国内メーカーの3位は957台を販売した三菱で、前年の2,440台からは60.78%の減少で、2023年12月以降10か月連続の減少となった。このうち軽自動車の「三菱eKクロスEV」が前年の375台から225台に、登録車である「アウトランダーPHEV」と「エクリプスクロス」のPHEVモデルの合計は2,440台から957台に減少した。なお、JADAの通称名別順位より登録車のうち785台が「エクリプスクロス」と公開されているが、PHEV単体の台数やアウトランダーPHEVの台数(51位以下)は公開されていない。

また、輸入車の3,595台のうち、JAIA(日本自動車輸入組合)の「2024年9月度輸入車新規登録台数(速報)」によると普通普通乗用車のOthersは528台(前年の603台から減少)で、ほぼ全数がテスラと思われる。また、電動車専業メーカーのHyundaiは前年の36台から58台に、BYDは186台から257台にそれぞれ増加した。

おわりに

今月最大の話題は、何といってもロボタクシーの発表だ。これまでは電動化が自動車産業最大の変化であり、エコレボでも大きく取り上げてきた。今回の発表は、電動化から自動化の時代に突入したことを予算させるものだった。

自動運転タクシーは既に米Google傘下のWeymoや中国百度傘下のApolloなどが商業展開しているが、いずれも既存車種を改造した車両を使っている。一方で、今回発表されたロボタクシーはハンドルやペダルのない、純粋な自動運転専用車両となる。

テスラはこの車両を2026年頃より大量生産し、3万ドル(約450万円)以下で市販することを目指している。マスク氏は今回の発表にて、ロボタクシーがバスの半分以下の運賃になることを示唆した。

ところで、この価格を実現するには、当然ながら安価に量産しなければならない。言い換えれば、可能な限り余計な部品を廃し、同時に世界各地で使える汎用性を備える必要がある。Waymoのように高コストなLiDARセンサーや、利用可能な地域が限定されるHDマップは使えない。

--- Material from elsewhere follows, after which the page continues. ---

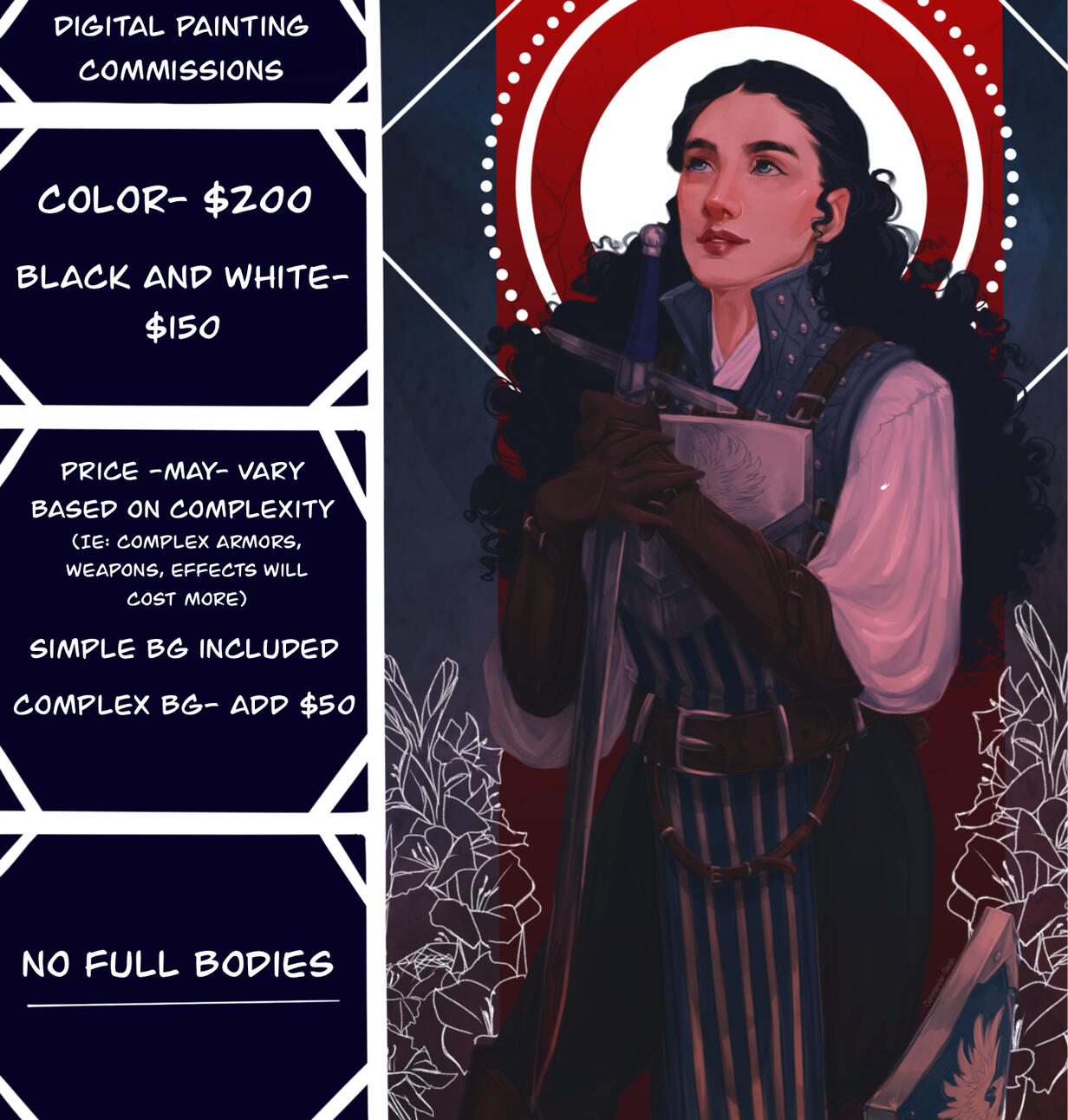 By commissioning me, the client acknowledges that they understand AND agree to the following terms.Client understands this transaction is nonrefundable unless I cannot complete the work.Client understands that PayPal fees will be added to the invoiceRequests for additional revisions will be charged accordingly, though I reserve the right to decline any revisions I feel to be impractical.I hold all rights to finished commissions, and may use them as I see fit (on social media, in a portfolio, etc).Client has the right to use and share the commission as they see fit, provided that:- They do not claim any credit for its creation.- They do not reproduce, resell, or use the commission in any commercial form or otherwise unless an agreement has been reached-Client shall not reproduce and/or otherwise use the Work in any manner for purposes of training artificial intelligence technologies to generate work, including without limitation, technologies that are capable of generating works in the same style or genre as the Work. Nor shall Client sublicense others to reproduce and/or otherwise use the Work in any manner for purposes of training artificial intelligence technologies to generate work.Client agrees that if they do not send the necessary information or communicate properly within an appropriate timeframe, -2 months- from last received correspondence, their commission will be shelved and will NOT be refunded.I am NOT responsible for chasing down a client after I have sent an email and not been replied to.I reserve the right to cancel or decline any and all commissions at my own discretion.

そこでテスラはこの2つの課題を解決すべく「ビジョンベース」のアプローチを採用。これは人の「目」に相当するカメラと「脳」に相当するコンピュータ(NPU)を使い、認識から操作まで(End to End)全てAIベースで処理するものだ。人と同じように実際の世界を認識して車両を操作するため、LiDARセンサーやHDマップは不要となる。

それでは、なぜWaymoなどはこの方式を採用しないのか。このような汎用AIをトレーニングするには膨大な実世界のデータが必要で、量産車メーカーでなければ膨大なデータを収集することは難しく、実現できても相応の時間がかかる。

一方で、テスラは既に世界中で数百万台の車両が走行していて、全ての車両がインターネットに接続されている。これらの車両から実世界の膨大なデータを集めることが可能となり、汎用AIへの道が開かれる。

さて、ここで一つ、国内の自動車産業に対して問題を提起したい。筆者はこれまでも再三にわたり「電動化の遅れが自動車産業の衰退を招く」ことを指摘してきたが、いまや電動化に加え、自動化の遅れも気にしなければならなくなった。

上記の投稿で指摘した通り、市街地運転支援に対応した市販車を販売しなければ、実世界から膨大なデータを収集することは難しい。それも電気自動車であることが望ましい。テスラではデータの収集に際し、自宅などでの駐車中にWi-Fi経由で大容量の動画データを転送しているが、駆動用の大型電池を持たない(12Vの鉛蓄電池のみの)内燃機関車では、直ぐに電池が上がってしまうからだ。

このように電動化と自動化は密接に関係しているが、現状国内メーカーは米中の新興メーカーに対し、どちらも大きく遅れているように見える。これからも国内の自動車産業が基幹産業であり続けるために、メーカーには電動化の推進、国交省には余計な規制の撤廃を強く求めたい。